• **Data for processing**
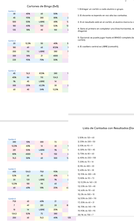 Un recurso lúdico para practicar el cálculo de porcentajes, descuentos, aumentos y equivalencias con fracciones. A través del clásico formato de bingo, los estudiantes ejercitan operaciones matemáticas mientras compiten de manera divertida.
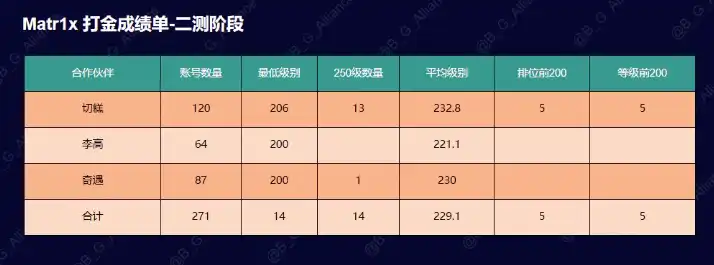 5. 有了正确的策略,再加上优秀的技术管理工具,自然能有一个好的结果。他的工作室及其合作的游戏公会一共负责 271 个游戏账号,交付等级最低在 200 级,平均交付等级 229.1,并且在没有冲榜的执行安排下,也有 14 个账号达到最高 250 等级,5 个账号排入前 200
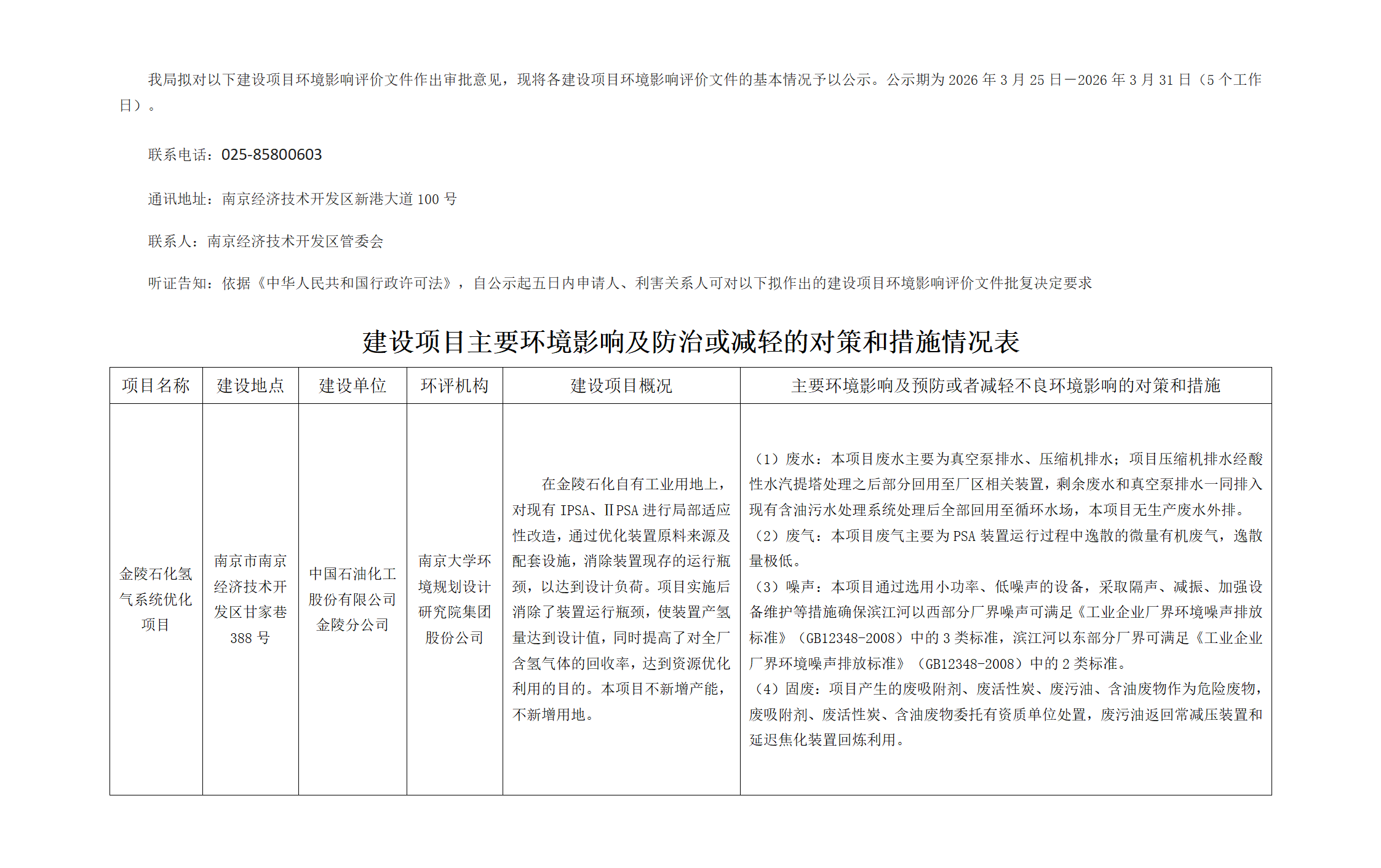 建設項目主要環境影響及防治或減輕的對策和措施情況表(金陵石化氫氣系統優化項目)
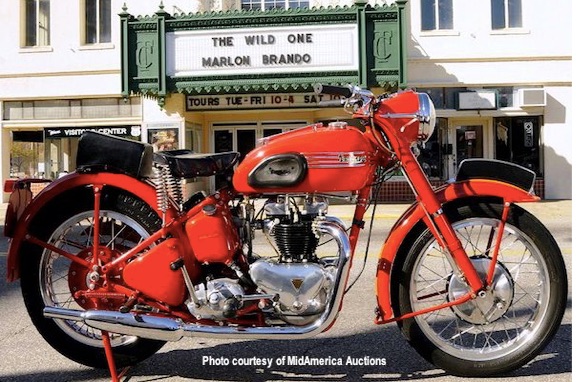 This 1952 Triumph Thunderbird is similar to the 1950 T-Bird ridden by Marlon Brando in the 1953 film “The Wild One”, but his was black. This was a huge shot-in-the-arm for Triumph Motorcycles. To capitalize on it, they would come out with an all black 6T Thunderbird called the Triumph Blackbird.
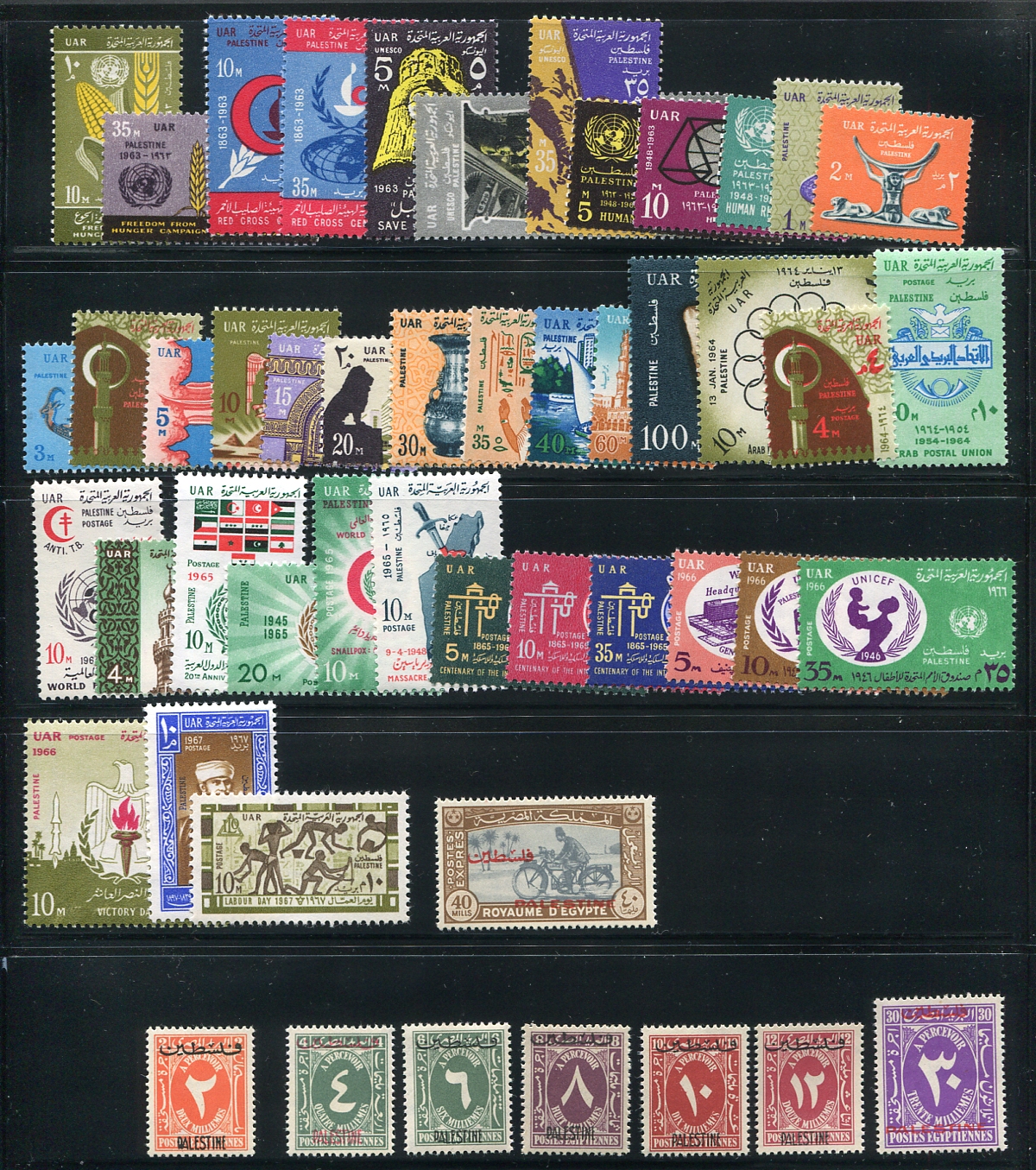 A near complete offering of mint issues of Egyptian occupied Palestine, missing only the 1953 set and the airmails (both being sold separately). All are attractive with most of the earlier issues being hinged and most of the more recent issues are never hinged. A good way to jump into this interesting corner of the philatelic world. 2024 Scott US$443.05 =

• **Problem to work on**
Your copy should consist solely of the lines from the line containing "建設項目主要環境影響及防治或減輕的對策和措施情況表(金陵石化氫氣系統優化項目)" through the last line of the records above, reproduced exactly, with the pictures left out.

• **Exercise answer**
 建設項目主要環境影響及防治或減輕的對策和措施情況表(金陵石化氫氣系統優化項目)
 This 1952 Triumph Thunderbird is similar to the 1950 T-Bird ridden by Marlon Brando in the 1953 film “The Wild One”, but his was black. This was a huge shot-in-the-arm for Triumph Motorcycles. To capitalize on it, they would come out with an all black 6T Thunderbird called the Triumph Blackbird.
 A near complete offering of mint issues of Egyptian occupied Palestine, missing only the 1953 set and the airmails (both being sold separately). All are attractive with most of the earlier issues being hinged and most of the more recent issues are never hinged. A good way to jump into this interesting corner of the philatelic world. 2024 Scott US$443.05 =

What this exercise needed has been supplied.